** SOURCE MATERIAL follows **

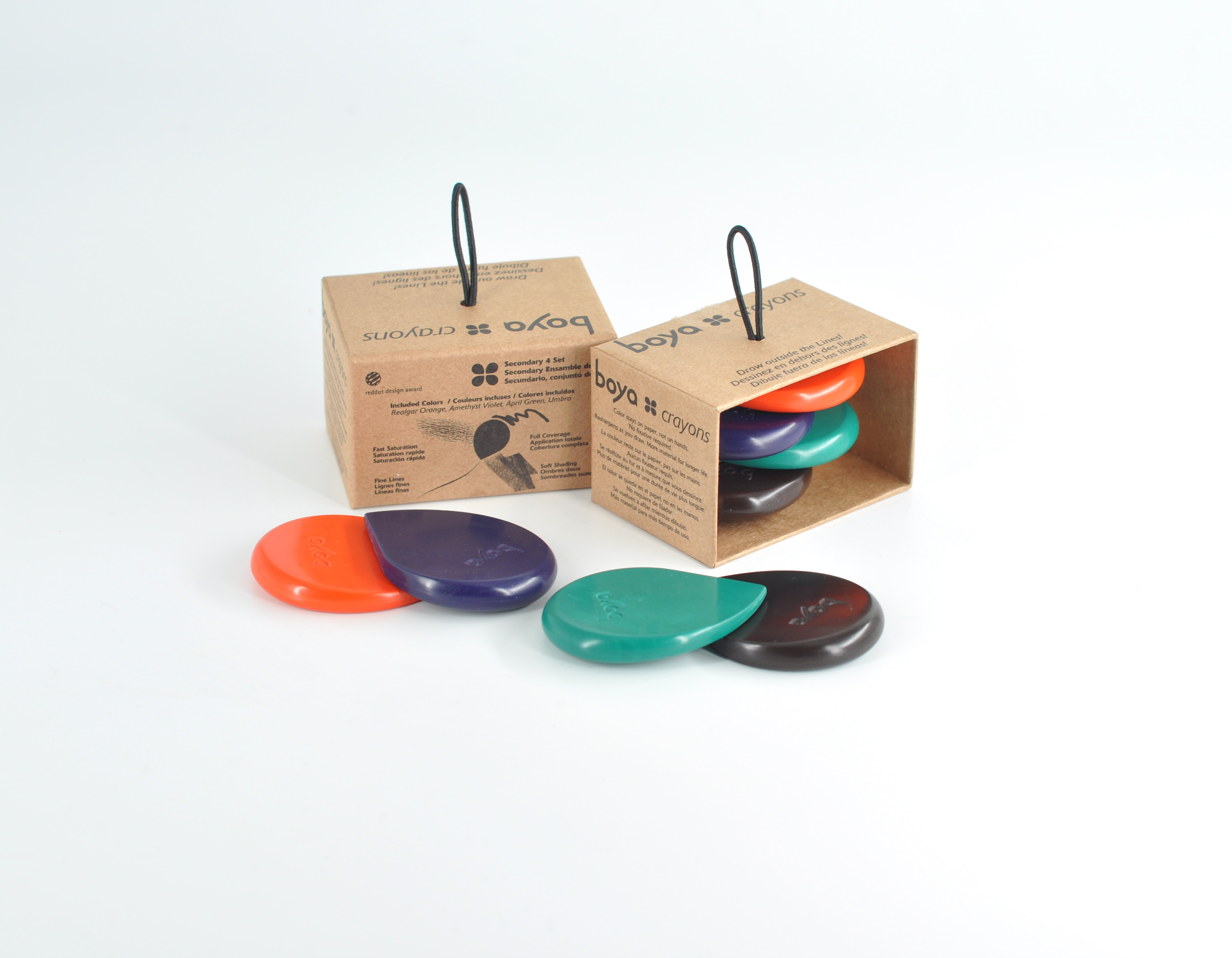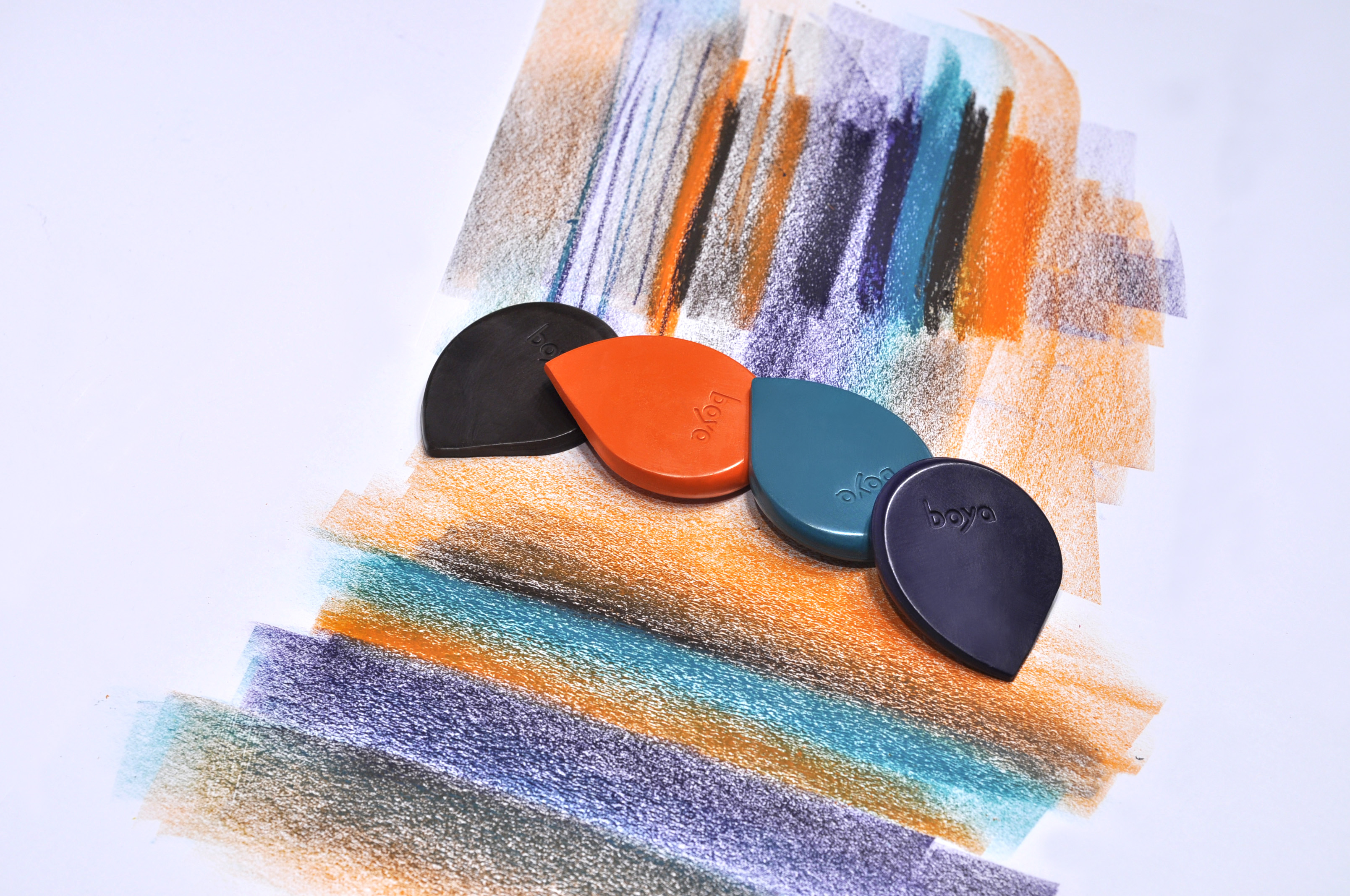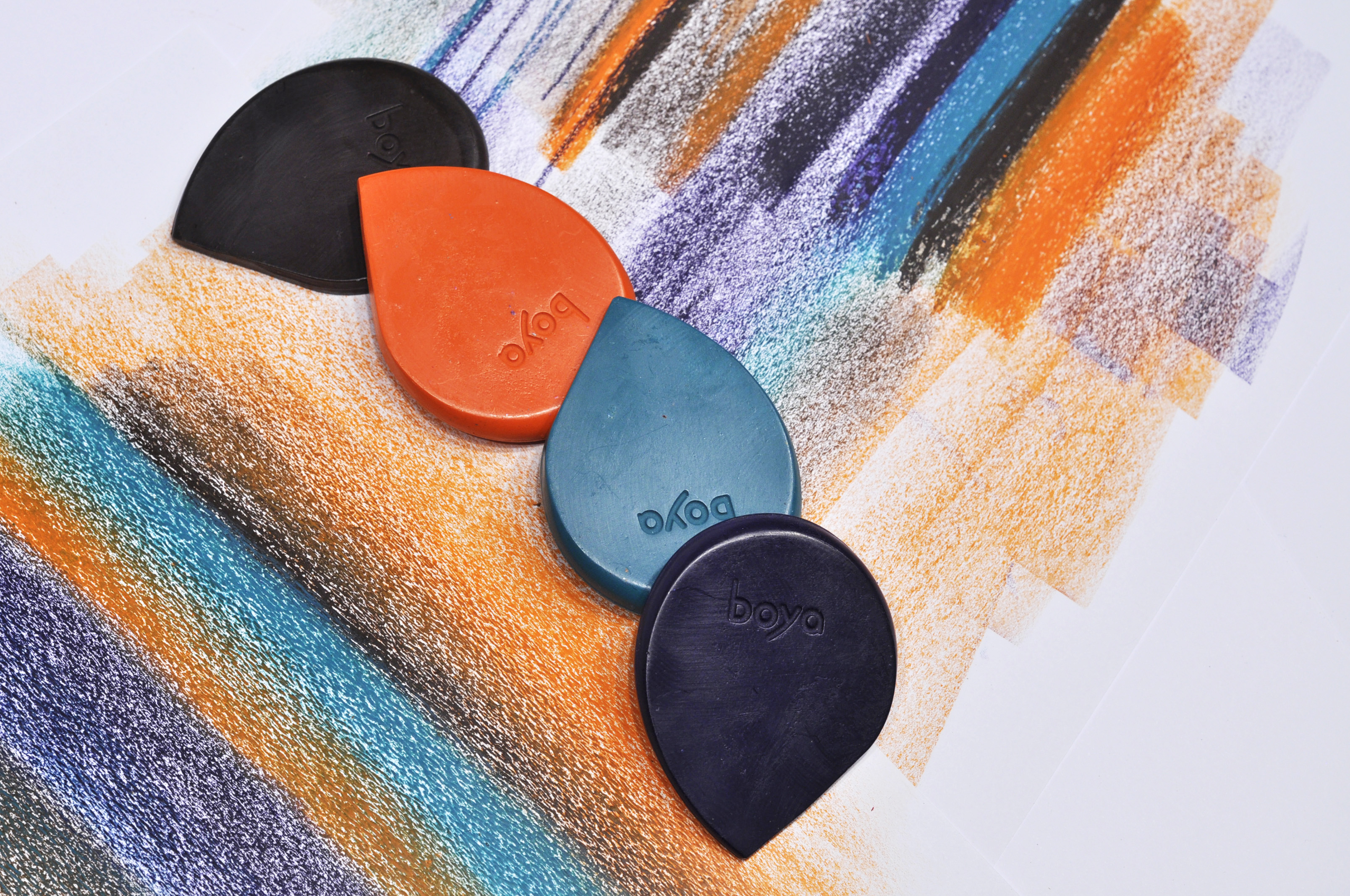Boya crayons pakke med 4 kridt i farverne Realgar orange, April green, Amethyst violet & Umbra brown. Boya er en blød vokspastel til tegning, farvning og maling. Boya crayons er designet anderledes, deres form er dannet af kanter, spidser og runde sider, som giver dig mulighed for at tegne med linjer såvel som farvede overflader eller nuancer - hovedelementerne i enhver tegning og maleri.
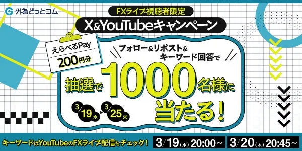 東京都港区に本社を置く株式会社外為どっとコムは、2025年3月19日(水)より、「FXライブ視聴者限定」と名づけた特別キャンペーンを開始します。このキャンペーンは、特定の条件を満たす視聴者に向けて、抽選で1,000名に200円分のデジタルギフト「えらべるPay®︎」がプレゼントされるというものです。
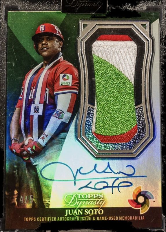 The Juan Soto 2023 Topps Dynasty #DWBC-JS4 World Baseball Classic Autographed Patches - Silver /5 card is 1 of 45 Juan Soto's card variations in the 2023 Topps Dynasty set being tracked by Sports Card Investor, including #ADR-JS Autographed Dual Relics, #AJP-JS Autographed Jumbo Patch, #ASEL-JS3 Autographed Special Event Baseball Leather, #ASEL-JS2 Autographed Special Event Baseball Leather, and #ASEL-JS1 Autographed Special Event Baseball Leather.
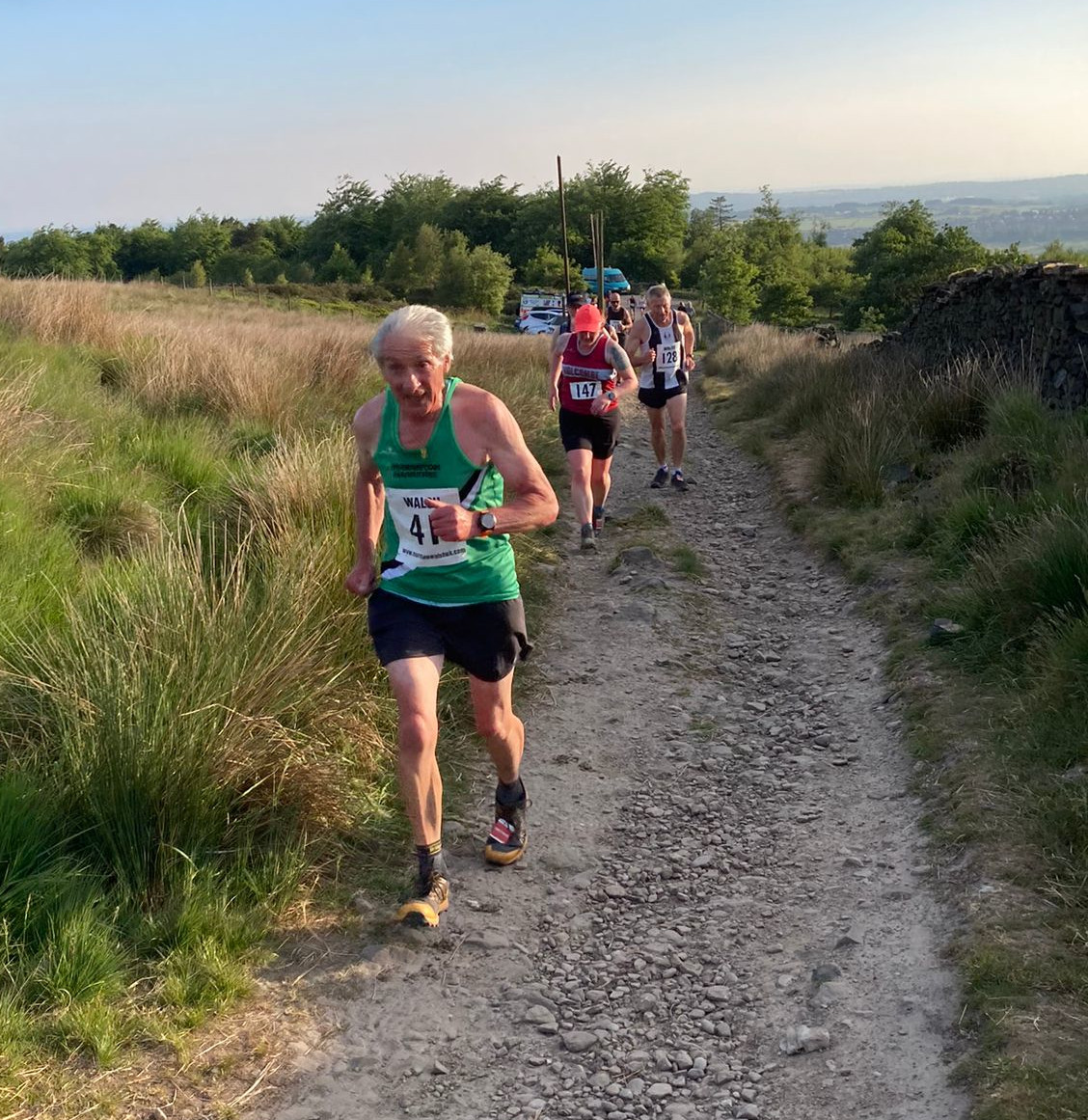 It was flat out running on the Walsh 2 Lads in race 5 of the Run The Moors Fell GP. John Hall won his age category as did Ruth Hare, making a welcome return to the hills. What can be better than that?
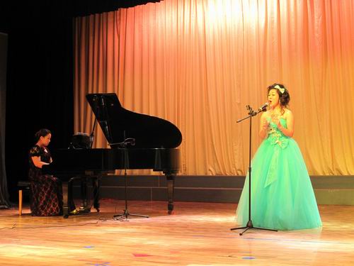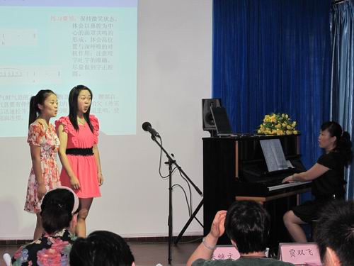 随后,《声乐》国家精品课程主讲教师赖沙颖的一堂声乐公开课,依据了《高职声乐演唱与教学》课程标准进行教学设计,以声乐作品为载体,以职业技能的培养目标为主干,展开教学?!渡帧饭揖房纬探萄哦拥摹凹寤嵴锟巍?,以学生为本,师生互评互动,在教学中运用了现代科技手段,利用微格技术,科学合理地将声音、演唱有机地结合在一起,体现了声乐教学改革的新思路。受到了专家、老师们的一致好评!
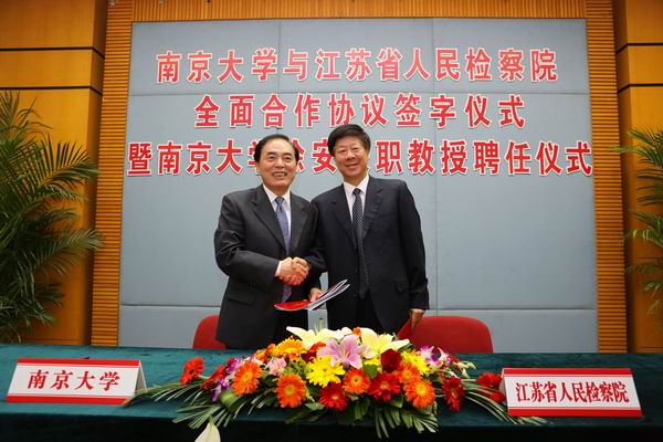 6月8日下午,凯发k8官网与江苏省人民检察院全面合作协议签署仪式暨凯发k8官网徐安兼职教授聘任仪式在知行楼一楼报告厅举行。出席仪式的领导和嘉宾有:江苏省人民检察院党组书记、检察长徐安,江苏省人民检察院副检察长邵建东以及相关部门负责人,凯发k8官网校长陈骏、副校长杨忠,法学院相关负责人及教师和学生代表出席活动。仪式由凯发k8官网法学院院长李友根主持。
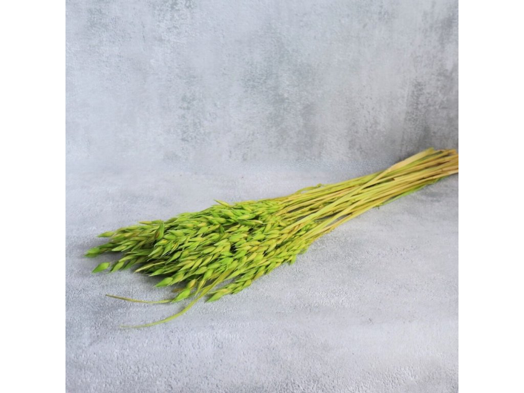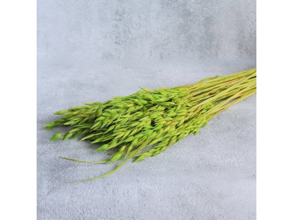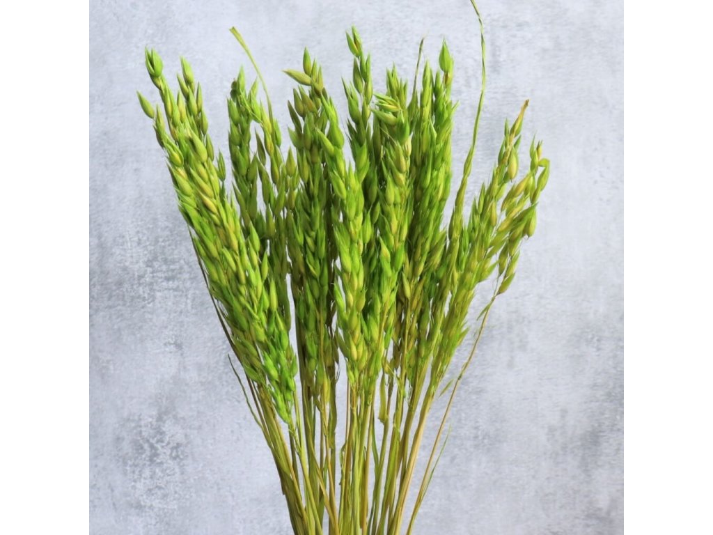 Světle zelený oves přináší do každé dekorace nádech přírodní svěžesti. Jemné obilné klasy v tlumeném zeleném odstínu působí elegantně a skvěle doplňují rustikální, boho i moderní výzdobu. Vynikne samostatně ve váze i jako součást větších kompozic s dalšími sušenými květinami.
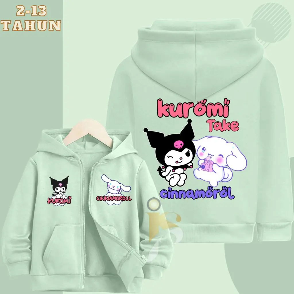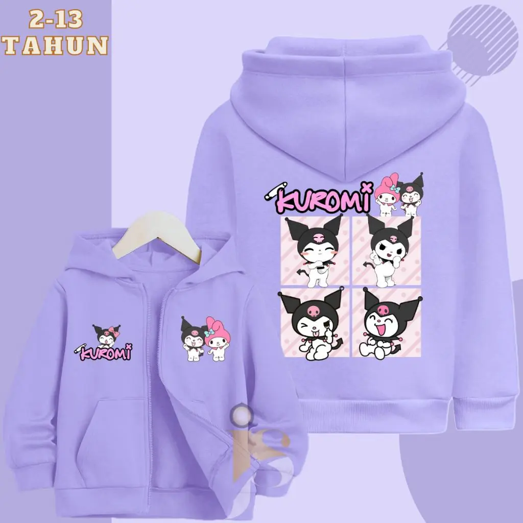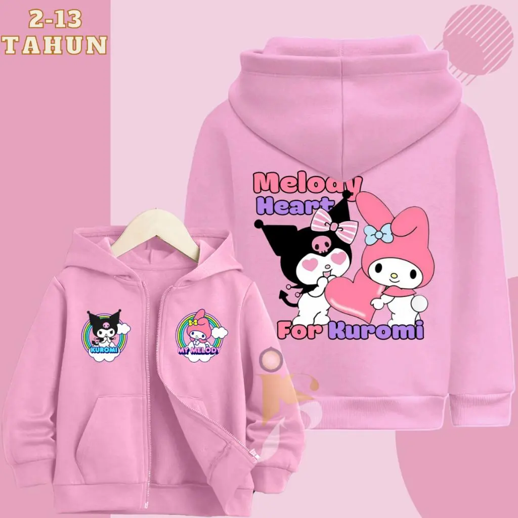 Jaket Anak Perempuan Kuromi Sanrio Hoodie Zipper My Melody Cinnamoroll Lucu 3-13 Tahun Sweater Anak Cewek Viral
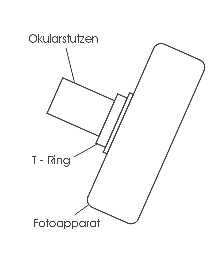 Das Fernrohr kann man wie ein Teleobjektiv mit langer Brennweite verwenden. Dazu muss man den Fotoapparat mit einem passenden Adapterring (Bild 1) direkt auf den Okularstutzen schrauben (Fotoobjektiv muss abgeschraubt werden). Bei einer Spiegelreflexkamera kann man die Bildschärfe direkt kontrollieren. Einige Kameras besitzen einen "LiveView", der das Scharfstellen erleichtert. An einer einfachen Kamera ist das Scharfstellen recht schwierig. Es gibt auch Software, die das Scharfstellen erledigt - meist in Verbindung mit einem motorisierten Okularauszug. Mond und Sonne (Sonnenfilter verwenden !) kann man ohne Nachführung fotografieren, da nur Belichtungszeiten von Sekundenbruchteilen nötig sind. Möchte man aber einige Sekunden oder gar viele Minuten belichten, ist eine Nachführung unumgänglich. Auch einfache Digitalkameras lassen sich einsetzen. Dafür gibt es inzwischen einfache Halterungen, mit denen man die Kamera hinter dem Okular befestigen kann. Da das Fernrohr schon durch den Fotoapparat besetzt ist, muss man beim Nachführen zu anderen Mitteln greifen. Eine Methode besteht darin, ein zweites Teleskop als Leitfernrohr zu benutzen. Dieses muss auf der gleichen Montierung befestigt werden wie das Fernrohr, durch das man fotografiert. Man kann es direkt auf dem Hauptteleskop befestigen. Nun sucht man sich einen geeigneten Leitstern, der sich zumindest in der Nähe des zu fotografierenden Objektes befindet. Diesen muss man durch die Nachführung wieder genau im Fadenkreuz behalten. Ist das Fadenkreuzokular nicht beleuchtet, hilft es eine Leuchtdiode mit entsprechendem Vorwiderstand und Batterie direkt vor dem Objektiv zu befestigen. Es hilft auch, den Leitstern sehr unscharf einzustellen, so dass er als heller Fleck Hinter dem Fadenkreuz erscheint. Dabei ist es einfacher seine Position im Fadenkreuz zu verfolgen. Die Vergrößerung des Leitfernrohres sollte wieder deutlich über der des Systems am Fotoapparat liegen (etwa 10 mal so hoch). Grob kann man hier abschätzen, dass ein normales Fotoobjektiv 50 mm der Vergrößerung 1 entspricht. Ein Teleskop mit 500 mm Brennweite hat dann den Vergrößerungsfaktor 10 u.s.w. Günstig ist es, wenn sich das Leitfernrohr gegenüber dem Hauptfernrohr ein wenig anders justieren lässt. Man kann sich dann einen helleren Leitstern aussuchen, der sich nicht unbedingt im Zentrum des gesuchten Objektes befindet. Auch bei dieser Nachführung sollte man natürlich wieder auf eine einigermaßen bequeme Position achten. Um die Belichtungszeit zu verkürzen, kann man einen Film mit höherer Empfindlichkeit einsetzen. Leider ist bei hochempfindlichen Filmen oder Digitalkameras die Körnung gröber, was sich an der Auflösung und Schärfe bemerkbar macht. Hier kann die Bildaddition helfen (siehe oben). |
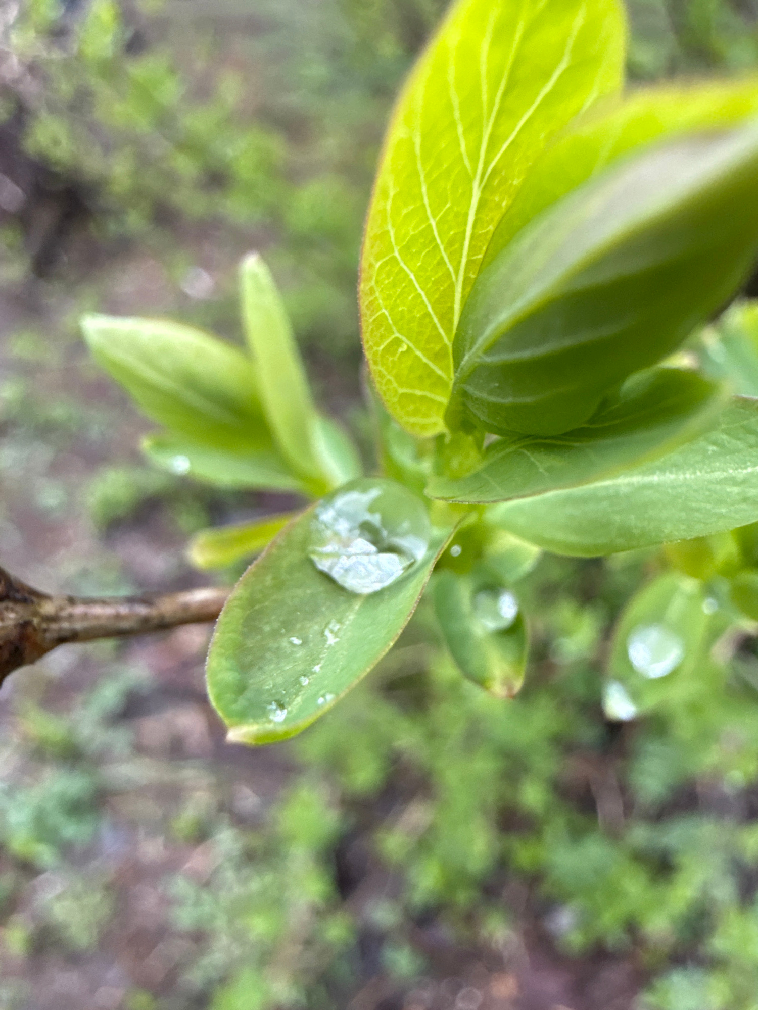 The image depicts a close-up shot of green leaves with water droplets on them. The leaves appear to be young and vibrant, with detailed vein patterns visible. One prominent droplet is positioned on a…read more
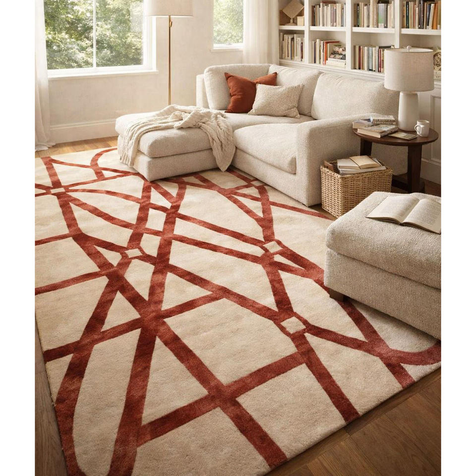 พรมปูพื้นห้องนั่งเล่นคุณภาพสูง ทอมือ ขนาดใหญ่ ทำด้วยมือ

** End of SOURCE MATERIAL **

AIM OF THE TASK: Exactly the lines above, from the one containing "Světle zelený oves" down to the one containing "Jaket Anak Perempuan", are to be repeated, including both ends. Pictures are not part of the copy.

WRITTEN REPLY:
 Světle zelený oves přináší do každé dekorace nádech přírodní svěžesti. Jemné obilné klasy v tlumeném zeleném odstínu působí elegantně a skvěle doplňují rustikální, boho i moderní výzdobu. Vynikne samostatně ve váze i jako součást větších kompozic s dalšími sušenými květinami.
 Jaket Anak Perempuan Kuromi Sanrio Hoodie Zipper My Melody Cinnamoroll Lucu 3-13 Tahun Sweater Anak Cewek Viral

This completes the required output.